〇両国の閣僚らを含めた拡大会合(9時51分~)
 <出席者>
 米国…トランプ大統領、ポンペオ国務長官、ケリー大統領首席補佐官、ボルトン大統領補佐官
 北朝鮮…金正恩党委員長、金英哲党副委員長、李洙墉党副委員長、李容浩外相

〇ワーキングランチ(11時35分~)
 <出席者>
 米国…トランプ大統領、ポンペオ国務長官、ケリー大統領首席補佐官、ボルトン大統領補佐官、ソン・キム駐フィリピン大使、ポティンガー国家安全保障会議アジア上級部長、サンダース大統領報道官
 北朝鮮…金正恩党委員長、金英哲党副委員長、李洙墉党副委員長、李容浩外相、金与正党第1副部長、努光鉄人民武力相、崔善姫外務次官、韓光相党財政経理部長

〇合意文書署名(午後1時39分~)
 トランプ大統領「非常に重要な文書に署名している。極めて包括的な文書だ。我々は実に良い関係を築いた。間もなく記者会見を開く。共に文書に署名でき、とても光栄だ」

 金正恩党委員長「今日のこの歴史的な出会いで、過去を乗り越え、新たな出発を知らせる歴史的な文書に署名する。おそらく世界は重大な変化を見ることになるだろう。今日のために努力してくれたトランプ大統領に感謝したい」

〇署名式後
 トランプ大統領「(金正恩党委員長は)素晴らしい性格で、非常に賢い。うまく組み合わさっている。交渉に値する人物だ。

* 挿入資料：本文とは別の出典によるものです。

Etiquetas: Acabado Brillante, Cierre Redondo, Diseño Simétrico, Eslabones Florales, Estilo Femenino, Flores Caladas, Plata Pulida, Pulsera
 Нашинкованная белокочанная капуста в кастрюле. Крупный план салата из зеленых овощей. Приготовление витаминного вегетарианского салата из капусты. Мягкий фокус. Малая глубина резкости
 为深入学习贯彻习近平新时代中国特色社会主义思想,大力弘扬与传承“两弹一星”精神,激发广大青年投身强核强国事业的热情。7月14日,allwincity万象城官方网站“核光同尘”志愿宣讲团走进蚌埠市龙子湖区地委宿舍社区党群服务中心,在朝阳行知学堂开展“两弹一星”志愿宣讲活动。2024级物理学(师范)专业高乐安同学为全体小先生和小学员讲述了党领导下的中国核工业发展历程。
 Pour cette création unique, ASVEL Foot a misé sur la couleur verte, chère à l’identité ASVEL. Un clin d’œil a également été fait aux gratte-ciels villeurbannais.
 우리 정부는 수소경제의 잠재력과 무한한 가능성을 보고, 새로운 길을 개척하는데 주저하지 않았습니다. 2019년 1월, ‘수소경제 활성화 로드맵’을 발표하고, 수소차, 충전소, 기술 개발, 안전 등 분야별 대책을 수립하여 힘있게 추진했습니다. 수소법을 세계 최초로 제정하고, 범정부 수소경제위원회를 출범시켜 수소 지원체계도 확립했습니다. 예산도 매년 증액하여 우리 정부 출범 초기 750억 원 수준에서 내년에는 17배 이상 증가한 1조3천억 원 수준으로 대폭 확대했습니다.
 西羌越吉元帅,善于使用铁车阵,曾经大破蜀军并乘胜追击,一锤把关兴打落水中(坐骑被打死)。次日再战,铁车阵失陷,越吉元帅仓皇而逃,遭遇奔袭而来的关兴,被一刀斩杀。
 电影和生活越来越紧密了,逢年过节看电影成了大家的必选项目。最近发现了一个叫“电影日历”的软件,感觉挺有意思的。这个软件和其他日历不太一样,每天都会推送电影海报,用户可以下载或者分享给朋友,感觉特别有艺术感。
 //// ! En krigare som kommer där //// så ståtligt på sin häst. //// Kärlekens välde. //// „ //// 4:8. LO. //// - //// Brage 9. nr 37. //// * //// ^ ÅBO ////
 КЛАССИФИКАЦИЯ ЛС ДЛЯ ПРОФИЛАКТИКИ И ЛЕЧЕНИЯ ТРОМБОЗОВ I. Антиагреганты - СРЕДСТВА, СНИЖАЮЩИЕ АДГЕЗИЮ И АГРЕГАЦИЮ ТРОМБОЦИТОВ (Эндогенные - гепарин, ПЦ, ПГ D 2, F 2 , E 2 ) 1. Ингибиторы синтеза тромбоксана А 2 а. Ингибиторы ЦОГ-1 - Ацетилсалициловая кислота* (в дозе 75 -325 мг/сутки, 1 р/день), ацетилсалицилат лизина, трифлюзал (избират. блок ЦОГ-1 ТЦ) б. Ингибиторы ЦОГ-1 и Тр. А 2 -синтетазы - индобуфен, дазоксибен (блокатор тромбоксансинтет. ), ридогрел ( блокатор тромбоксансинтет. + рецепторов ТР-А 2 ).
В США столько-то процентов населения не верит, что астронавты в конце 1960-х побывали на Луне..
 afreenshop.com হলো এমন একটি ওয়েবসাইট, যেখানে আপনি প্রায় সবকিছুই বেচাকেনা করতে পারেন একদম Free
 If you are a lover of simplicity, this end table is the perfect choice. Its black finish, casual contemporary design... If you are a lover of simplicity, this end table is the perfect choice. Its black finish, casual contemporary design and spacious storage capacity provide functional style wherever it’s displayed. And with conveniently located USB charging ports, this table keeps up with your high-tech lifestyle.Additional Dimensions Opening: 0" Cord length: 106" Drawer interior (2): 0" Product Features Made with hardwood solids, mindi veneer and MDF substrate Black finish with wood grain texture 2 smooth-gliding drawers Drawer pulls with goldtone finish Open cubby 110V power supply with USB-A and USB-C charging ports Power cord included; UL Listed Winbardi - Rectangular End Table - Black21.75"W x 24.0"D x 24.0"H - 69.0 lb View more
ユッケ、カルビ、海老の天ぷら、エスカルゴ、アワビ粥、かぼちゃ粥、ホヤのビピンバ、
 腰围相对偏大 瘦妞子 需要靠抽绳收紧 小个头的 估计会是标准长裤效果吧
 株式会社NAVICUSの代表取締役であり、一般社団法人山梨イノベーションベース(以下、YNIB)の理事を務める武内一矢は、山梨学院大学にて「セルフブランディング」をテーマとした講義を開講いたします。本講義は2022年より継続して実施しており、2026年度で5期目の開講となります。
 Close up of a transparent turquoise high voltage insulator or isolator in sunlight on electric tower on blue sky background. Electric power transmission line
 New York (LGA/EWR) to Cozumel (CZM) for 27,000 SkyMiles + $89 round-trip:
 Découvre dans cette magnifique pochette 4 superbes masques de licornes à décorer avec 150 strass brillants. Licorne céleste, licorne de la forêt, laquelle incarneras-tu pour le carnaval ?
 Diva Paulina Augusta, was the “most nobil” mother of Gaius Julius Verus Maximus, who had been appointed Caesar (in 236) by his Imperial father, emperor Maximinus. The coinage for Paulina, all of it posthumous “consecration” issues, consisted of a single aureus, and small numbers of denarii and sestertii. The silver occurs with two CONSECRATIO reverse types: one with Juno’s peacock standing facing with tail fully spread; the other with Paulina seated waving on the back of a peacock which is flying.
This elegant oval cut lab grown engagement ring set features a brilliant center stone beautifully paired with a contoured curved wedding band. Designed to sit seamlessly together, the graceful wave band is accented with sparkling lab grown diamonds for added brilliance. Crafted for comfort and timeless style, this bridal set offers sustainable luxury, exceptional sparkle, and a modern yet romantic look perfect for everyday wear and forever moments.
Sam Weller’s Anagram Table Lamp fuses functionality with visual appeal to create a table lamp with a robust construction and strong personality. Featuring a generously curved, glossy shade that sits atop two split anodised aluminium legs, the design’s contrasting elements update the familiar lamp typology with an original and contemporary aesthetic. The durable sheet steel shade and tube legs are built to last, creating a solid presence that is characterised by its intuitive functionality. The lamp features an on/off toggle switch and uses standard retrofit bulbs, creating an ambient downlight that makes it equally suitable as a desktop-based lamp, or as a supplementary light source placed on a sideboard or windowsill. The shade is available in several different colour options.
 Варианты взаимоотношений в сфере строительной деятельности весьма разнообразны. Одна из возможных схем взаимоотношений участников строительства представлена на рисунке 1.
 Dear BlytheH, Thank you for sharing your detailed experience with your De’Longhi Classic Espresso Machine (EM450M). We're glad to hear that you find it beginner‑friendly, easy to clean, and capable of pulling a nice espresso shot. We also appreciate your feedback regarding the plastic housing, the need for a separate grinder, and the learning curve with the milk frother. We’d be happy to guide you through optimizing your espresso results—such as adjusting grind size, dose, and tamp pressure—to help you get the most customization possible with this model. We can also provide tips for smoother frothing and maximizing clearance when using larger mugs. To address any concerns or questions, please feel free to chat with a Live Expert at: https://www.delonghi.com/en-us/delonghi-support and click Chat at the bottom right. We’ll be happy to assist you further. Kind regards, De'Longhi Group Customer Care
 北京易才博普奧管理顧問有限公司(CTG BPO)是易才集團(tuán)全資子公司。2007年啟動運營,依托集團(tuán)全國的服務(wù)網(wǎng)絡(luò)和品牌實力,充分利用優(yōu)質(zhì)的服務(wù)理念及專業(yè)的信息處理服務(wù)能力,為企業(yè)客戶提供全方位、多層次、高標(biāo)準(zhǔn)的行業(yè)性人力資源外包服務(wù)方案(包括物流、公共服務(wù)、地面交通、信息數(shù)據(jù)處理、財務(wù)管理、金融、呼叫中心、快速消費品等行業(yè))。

我々は非常に良い日を過ごし、互いの国について多くを学んだ」

米朝首脳会談で出された米朝共同声明(米朝合意)の内容

 米朝共同声明の内容は、以下の通りである。

 米国のトランプ大統領と北朝鮮の金正恩党委員長は、2018年6月12日にシンガポールで史上初となる歴史的な会談を行った。

 トランプ大統領と金正恩委員長は、新たな米朝関係や朝鮮半島における永続的で安定した平和体制を構築するため、包括的かつ誠実的な意見交換を徹底的に行った。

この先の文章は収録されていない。